A few of us feel intimidated by men’s sexual appetites, worrying that we won’t be able to match them with our own shrinking libidos.
I still believe in love
Even so, I am less cynical now about true love than I’ve ever been. But I certainly don’t expect to experience it within the stifling confines of a conventional relationship. Nor do I believe in looking for Mr Right via online dating or organized singles’ parties.
Given we only have a couple or so decades left, what’s the point of doing anything if it’s not fun? Sitting with a stranger and fretting over who’s going to pay for dinner or how he might react when confronted with my wobbling nether regions is not my idea of fun at all.
Besides, many of us are carrying hurt that cannot be mended by a quick romp. A lot of us have been through a split up that has riven our families and as we’ve nurtured our children through the fall-out we’ve often neglected to acknowledge our own spiritual and emotional bruising.
Many women I talk to find it difficult to trust again. Or they find that they enter a relationship fast in an effort to cheer themselves up and then make the same mistakes all over again, emerging more hurt and wary than before they went into it.
Why look online? Choose life!
So why are so many of us trying to find love online? Among my friends, I am yet to find an example of a successful online encounter.
Why go through the humiliation of watching your date’s face fall as he assesses the difference between the real you and the gorgeous photograph you posted on the dating site that probably made you look ten years younger?

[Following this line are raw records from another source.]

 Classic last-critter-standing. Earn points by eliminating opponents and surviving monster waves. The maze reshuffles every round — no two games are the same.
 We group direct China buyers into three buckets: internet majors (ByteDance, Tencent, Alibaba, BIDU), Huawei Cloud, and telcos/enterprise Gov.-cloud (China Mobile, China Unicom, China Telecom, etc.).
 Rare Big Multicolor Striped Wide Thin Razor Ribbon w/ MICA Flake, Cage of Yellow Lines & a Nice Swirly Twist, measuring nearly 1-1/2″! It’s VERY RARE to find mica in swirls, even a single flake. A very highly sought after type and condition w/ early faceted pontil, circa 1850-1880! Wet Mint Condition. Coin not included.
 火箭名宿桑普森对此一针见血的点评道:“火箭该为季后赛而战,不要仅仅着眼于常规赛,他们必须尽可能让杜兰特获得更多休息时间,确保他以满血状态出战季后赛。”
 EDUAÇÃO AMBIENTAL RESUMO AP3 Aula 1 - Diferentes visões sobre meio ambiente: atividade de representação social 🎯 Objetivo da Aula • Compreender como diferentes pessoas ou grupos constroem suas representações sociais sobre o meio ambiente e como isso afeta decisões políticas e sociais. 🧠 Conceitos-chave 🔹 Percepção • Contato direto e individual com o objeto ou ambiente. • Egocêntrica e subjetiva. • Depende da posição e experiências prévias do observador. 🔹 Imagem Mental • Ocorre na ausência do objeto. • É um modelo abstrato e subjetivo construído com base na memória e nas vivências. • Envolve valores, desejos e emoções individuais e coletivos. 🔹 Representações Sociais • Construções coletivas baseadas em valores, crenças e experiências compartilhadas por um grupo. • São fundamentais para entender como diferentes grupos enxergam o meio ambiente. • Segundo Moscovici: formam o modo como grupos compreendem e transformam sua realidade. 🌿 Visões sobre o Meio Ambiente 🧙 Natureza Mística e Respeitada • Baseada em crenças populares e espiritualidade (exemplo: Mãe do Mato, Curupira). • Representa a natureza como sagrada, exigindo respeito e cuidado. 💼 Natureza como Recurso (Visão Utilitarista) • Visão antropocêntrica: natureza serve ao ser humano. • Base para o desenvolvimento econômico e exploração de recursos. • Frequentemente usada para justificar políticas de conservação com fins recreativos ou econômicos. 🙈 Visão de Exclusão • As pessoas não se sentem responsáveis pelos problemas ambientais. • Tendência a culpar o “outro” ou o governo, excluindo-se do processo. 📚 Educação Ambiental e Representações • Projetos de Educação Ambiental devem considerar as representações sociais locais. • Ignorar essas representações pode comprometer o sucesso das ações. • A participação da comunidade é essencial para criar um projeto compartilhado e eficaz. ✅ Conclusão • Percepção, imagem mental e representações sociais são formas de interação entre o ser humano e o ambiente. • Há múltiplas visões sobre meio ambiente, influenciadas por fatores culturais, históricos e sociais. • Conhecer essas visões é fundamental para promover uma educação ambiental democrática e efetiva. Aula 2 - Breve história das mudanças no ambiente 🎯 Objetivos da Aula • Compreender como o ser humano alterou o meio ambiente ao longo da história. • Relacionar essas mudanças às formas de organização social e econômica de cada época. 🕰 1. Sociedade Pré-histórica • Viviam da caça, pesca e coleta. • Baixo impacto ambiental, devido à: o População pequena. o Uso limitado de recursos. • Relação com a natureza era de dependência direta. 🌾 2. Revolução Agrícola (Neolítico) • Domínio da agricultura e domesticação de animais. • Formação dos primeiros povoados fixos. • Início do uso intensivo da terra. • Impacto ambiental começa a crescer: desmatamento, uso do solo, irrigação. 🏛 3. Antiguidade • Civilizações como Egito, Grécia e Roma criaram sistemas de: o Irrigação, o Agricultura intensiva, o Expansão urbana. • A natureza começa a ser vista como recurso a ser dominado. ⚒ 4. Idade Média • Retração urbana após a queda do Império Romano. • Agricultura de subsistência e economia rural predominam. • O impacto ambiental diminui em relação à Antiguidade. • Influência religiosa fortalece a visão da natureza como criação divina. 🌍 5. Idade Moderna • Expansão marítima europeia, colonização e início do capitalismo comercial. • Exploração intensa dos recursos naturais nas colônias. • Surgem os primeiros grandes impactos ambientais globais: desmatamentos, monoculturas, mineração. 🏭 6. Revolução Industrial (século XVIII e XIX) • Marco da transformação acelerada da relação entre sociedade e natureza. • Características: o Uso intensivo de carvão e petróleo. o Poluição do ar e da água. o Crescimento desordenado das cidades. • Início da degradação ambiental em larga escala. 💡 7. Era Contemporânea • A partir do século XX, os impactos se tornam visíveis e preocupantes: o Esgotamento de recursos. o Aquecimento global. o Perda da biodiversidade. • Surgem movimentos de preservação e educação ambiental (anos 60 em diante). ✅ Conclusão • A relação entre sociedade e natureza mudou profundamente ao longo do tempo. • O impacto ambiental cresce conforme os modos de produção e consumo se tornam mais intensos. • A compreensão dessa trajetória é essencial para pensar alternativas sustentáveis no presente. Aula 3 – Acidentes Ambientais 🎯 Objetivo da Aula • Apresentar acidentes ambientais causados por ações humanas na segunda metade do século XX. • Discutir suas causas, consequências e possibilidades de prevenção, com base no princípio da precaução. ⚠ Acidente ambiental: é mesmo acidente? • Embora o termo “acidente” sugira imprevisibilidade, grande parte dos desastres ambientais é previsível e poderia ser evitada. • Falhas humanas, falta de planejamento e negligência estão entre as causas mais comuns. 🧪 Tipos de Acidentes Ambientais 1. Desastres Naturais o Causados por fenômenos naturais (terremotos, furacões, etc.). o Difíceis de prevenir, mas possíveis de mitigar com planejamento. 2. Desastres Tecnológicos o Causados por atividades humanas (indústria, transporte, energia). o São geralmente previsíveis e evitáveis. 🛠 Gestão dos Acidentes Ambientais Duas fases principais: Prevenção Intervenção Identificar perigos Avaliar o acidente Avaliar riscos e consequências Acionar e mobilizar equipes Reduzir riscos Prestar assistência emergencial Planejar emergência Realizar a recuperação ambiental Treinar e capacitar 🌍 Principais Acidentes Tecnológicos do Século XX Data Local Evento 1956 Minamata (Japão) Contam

I have never online dated but recently I arranged to meet a man I hadn’t seen for years at a party via a series of flirtatious emails. I arrived and saw his eyes narrow as he tried to work out who the woman grinning and bearing down on him was. By the time he recognized me, I’d already seen his eyes assess and then dismiss me.
Kindly, he hugged me warmly to conceal the rejection but I knew it was his memory of my younger self he had been anticipating, not the 56-year-old he was now confronting.
But has anything really changed? If anything is different now it’s that we expect to have it all well into our dotage. Plastic surgery has meant some can go on pretending to look 35 at 55 and an enlarged sense of entitlement means lots of women believe they deserve a nice man to cuddle up to on the sofa and plan city breaks with.
What some of us forget is that there are so many other routes to happiness later in life. Being single means never again having to compromise. We are the generation that fought for independence and freedom but now that we have it, we’re moaning about where all the men have gone.
Well, as they always did, they’ve gone off to look for fertile women and procreate again because they can. So rather than risk chaos, dejection and heartbreak, shall we just leave them to it?
“Seek and ye shall find,” is a misguided piece of garbage. Though it’s a cliché it’s also a truth that it’s only when people stop looking for love and quit trying so hard that they’re able to allow in the unexpected – and so many of the greatest love affairs begin suddenly and surprisingly.
After all, if we’re out having fun and not being anxious about whether we have hairs on our chin or our pubes need dyeing, we’re far more likely to bump into someone to have a good time with than if we’re poring over some random man’s online photograph. Step away from your computer right now and go to the pub or a party. Get out among it.